9in drum brakes

Surely how the driver applies the brakes matters. Perhaps 72bluNblu is arguing that one can apply more finesse with disk brakes than with drums to come closer to that "just before skid" point. Not sure what his "stab" refers to and sounds like a jiggy driver. I doubt a competent factory design would show fade (friction material melts) in drums when braking from 60 mph. The other issue is having all 4 brakes perfectly matched. Drums are touchier to slight friction changes, due to their self-amplifying effect (has to do with where the pivot point is and if fwd and rear shoes interact - "floating design"). In worst-case, gummy junk on drum shoes can make them self-lock. Perhaps trickier to insure L & R front drums are matched, but if all parts are clean and new they should. Caliper pistons can get sticky to vary L & R. Front to rear proportioning is also important, and varies when you mod the car's weight distribution. I wonder how close the factory gets it, and they likely err on the side of rears skidding quite a bit later than fronts, for safety.

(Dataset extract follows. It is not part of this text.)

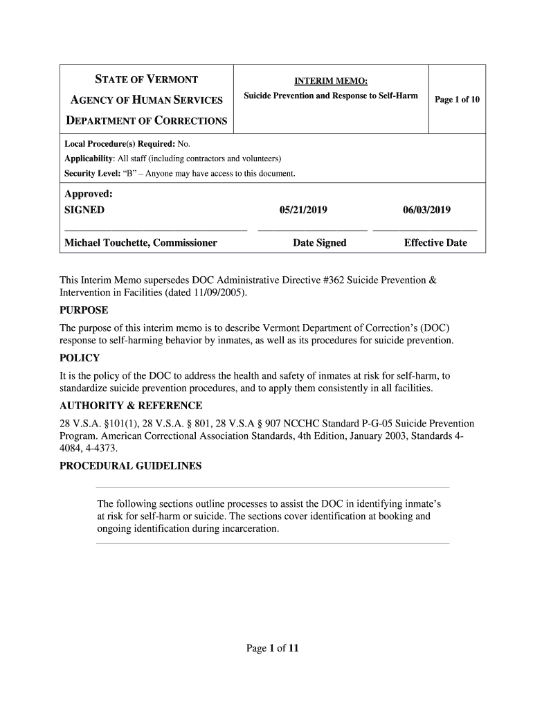 STATE OF VERMONTINTERIM MEMO:AGENCY OF HUMAN SERVICESSuicide Prevention and Response to SelfHarmPage 1 of 10DEPARTMENT OF CORRECTIONS Local Procedure(s) Required: No. Applicability: All staff (including

Most newish cars have ABS. My 1996 Plymouth does and it was the absolute base model (4 cyl minivan, newspaper ad), though rock lists non-ABS driveshafts so maybe even cheaper ones. My guess is that in braking tests, they just jam the brake pedal and let ABS take over. That should give the very consistent data. Theoretically, a very competent driver might brake faster than ABS, but hard to know where that skid point is. How ABS "chatters" probably has a big effect. I suspect that because early Tesla Model 3 showed poor ~150 ft stopping in Consumer Reports test, akin to a pickup. They did an over-air software update and it dropped to a normal sedan ~125 ft. My guess is they boogered with ABS settings, since they had softened the suspension design a few months prior so perhaps hadn't re-optimized ABS settings. But, also might have had to do how regenerative braking is set. BTW, tests have shown minimal benefit from ABS as many drivers are scared by the chattering pedal, thinking something broke so let up on the brakes. Need to practice it in a snowy or wet parking lot so you aren't surprised in the real world. Just keep the brake pedal jammed down.